## Activity
Strip out all images, then restate the data verbatim.

───── Dataset extract ─────

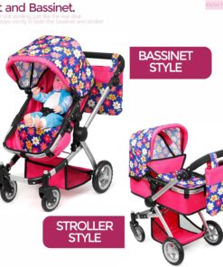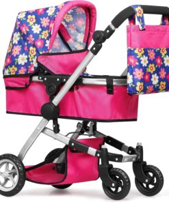 VERSATILE FEATURES: This Baby Toy Doll Stroller hold up to 18″ inches in height a Doll and boasts a cushioned bed for your child’s doll Our baby doll stroller comes with swiveling wheels for easy maneuverability and an “Soft Grib” adjustable handle to suit your child’s height. The convertible seat can transform into a bassinet, offering various play scenarios 2-in-1 Convertible Doll Luxury Stroller + Bassinet – Realistic Fully Functional Reversible Deluxe Doll Coach Carriage.
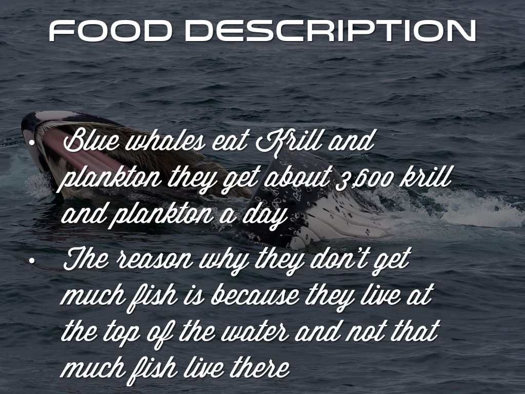 Blue whales eat Krill and plankton they get about 3,600 krill and plankton a day
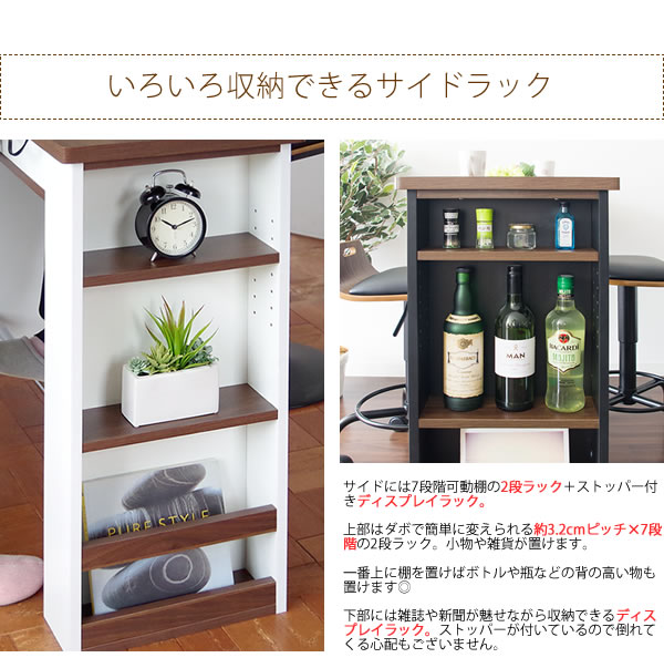 ラックは左右どちらにでも取り付け可能。テーブルは対面使いにも壁面カウンターにもお使いいただけます。

─────

## Response
 VERSATILE FEATURES: This Baby Toy Doll Stroller hold up to 18″ inches in height a Doll and boasts a cushioned bed for your child’s doll Our baby doll stroller comes with swiveling wheels for easy maneuverability and an “Soft Grib” adjustable handle to suit your child’s height. The convertible seat can transform into a bassinet, offering various play scenarios 2-in-1 Convertible Doll Luxury Stroller + Bassinet – Realistic Fully Functional Reversible Deluxe Doll Coach Carriage.
 Blue whales eat Krill and plankton they get about 3,600 krill and plankton a day
 ラックは左右どちらにでも取り付け可能。テーブルは対面使いにも壁面カウンターにもお使いいただけます。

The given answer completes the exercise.